Only the lines in the entries below from the line with "Women’s Long Size" to the line with "3、點擊后進(jìn)入邀請", both included, belong in the answer, transcribed exactly and without pictures.

──────── STUDY MATERIAL ────────

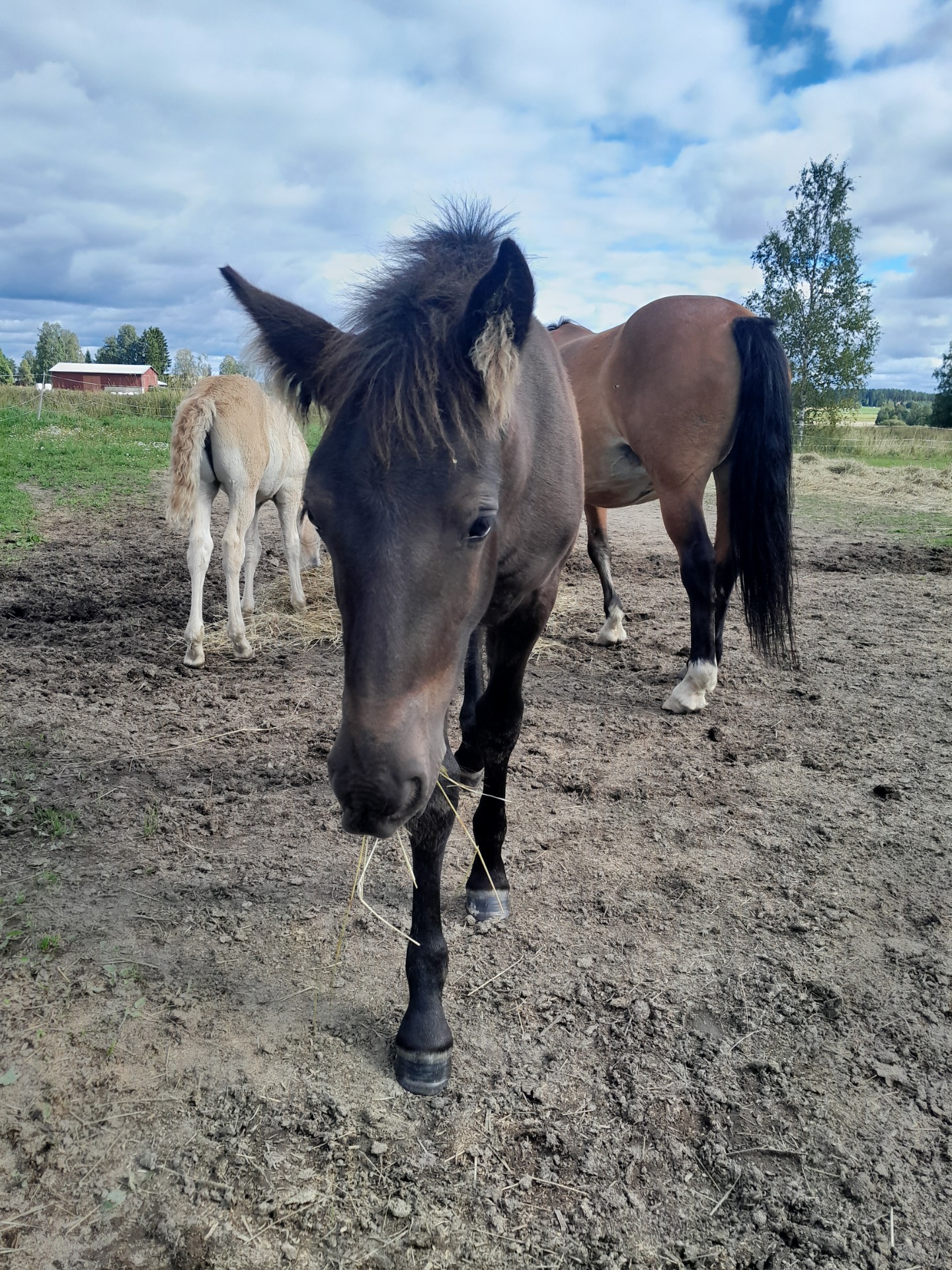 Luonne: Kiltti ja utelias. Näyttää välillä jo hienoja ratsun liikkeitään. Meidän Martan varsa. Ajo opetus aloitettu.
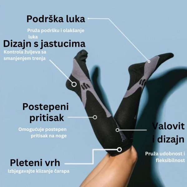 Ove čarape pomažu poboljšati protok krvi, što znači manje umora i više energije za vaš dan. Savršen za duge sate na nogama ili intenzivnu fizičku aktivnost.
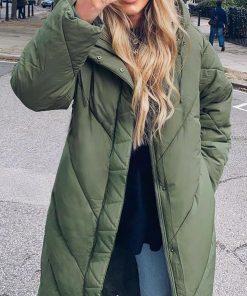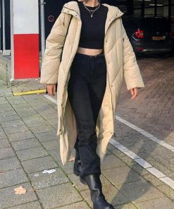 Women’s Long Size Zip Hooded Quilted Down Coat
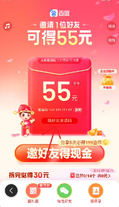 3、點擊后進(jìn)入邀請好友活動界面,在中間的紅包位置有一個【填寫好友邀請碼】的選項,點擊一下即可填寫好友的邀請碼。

────────
──────── STUDY MATERIAL ────────

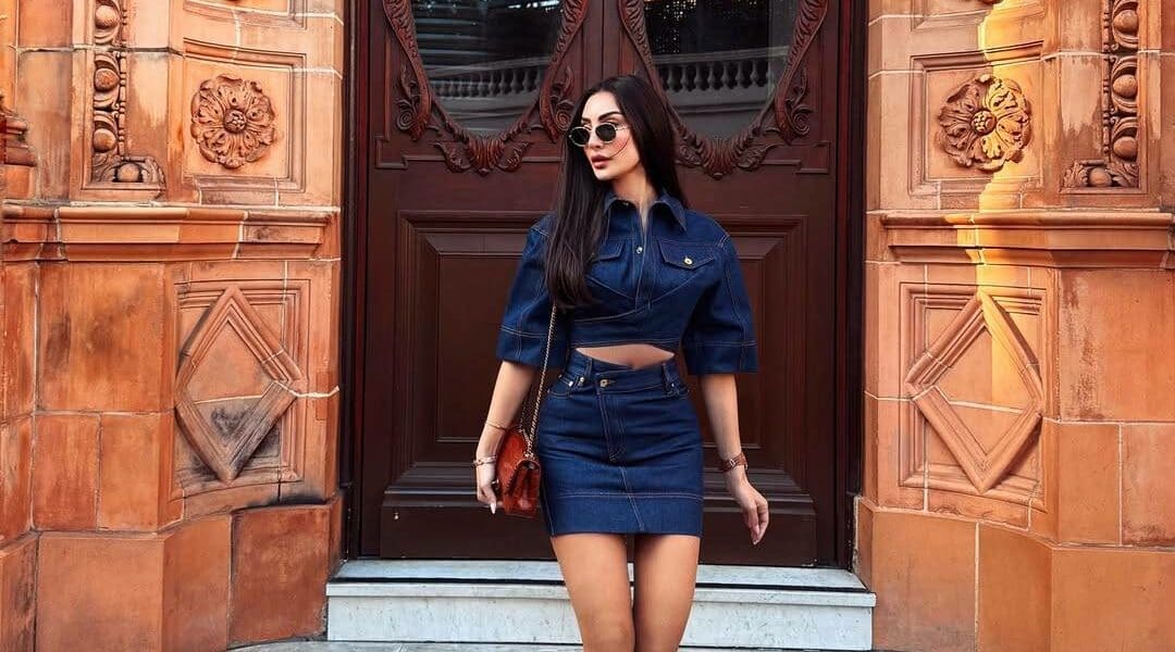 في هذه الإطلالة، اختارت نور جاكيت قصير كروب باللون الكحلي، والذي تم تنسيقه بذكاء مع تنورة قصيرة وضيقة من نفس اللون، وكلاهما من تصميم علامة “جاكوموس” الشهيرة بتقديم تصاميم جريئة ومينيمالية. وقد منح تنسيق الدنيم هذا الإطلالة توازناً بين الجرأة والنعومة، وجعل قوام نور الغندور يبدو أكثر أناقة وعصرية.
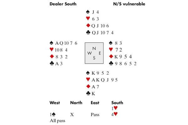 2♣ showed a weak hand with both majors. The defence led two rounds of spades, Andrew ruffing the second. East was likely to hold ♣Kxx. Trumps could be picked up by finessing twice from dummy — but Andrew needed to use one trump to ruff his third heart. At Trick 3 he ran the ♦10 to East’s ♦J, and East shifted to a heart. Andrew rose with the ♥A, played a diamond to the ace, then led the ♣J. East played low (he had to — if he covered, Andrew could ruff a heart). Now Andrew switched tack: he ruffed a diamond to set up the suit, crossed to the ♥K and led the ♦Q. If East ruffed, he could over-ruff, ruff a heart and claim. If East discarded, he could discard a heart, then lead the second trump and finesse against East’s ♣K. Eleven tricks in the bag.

────────

• TASK RESULT:
 Women’s Long Size Zip Hooded Quilted Down Coat
 3、點擊后進(jìn)入邀請好友活動界面,在中間的紅包位置有一個【填寫好友邀請碼】的選項,點擊一下即可填寫好友的邀請碼。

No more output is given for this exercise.